The authors conclude that “if a disease has not been detected during the pregnancy, if something went wrong during the delivery, or if economical, social or psychological circumstances change such that taking care of the offspring becomes an unbearable burden on someone, then people should be given the chance of not being forced to do something they cannot afford.” And it isn’t clear where the line against infanticide would be drawn. “We do not put forward any claim about the moment at which after-birth abortion would no longer be permissible,” Giubilini and Minerva write. They doubt that “more than a few days would be necessary for doctors to detect any abnormality in the child.” But critics are already noting that many defects are discovered later.
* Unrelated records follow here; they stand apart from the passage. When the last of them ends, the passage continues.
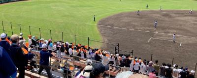 事前に生徒会執行部による呼びかけもあって、この日は生徒・職員あわせて100名以上が球場で応援!
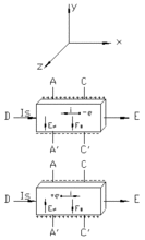 磁場中有一個霍爾半導體片,恒定電流I從A到B通過該片。在洛侖茲力的作用下,I的電子流在通過霍爾半導體時向一側偏移,使該片在CD方向上產生電位差,這就是所謂的霍爾電壓。
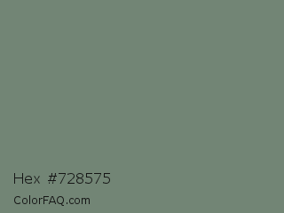 Hex #728575 Color is a normal green color and the nearest color is Smoke #738276. Hex code #728575 and RGB value is rgb(114,133,117). In RGB color space, this color is composed of 45% red, 52% green, 46% blue, In CMYK color space, this color is composed of 14% cyan, 0% magenta, 12% yellow , 48% black , In HSL color space, this color has a hue angle of 129° , 8% saturation and 48% lightness.

In sum, the authors argue:

If criteria such as the costs (social, psychological, economic) for the potential parents are good enough reasons for having an abortion even when the fetus is healthy, if the moral status of the newborn is the same as that of the infant and if neither has any moral value by virtue of being a potential person, then the same reasons which justify abortion should also justify the killing of the potential person when it is at the stage of a newborn.

I don’t buy this argument, in part because I agree with Furedi that something profound changes at birth: The woman’s bodily autonomy is no longer at stake. But I also think that the value of the unborn human increases throughout its development. Furedi rejects that view, and her rejection doesn’t stop at birth. As she explained in our debate last fall, “There is nothing magical about passing through the birth canal that transforms it from a fetus into a person.”

The challenge posed to Furedi and other pro-choice absolutists by “after-birth abortion” is this: How do they answer the argument, advanced by Giubilini and Minerva, that any maternal interest, such as the burden of raising a gravely defective newborn, trumps the value of that freshly delivered nonperson? What value does the newborn have? At what point did it acquire that value? And why should the law step in to protect that value against the judgment of a woman and her doctor?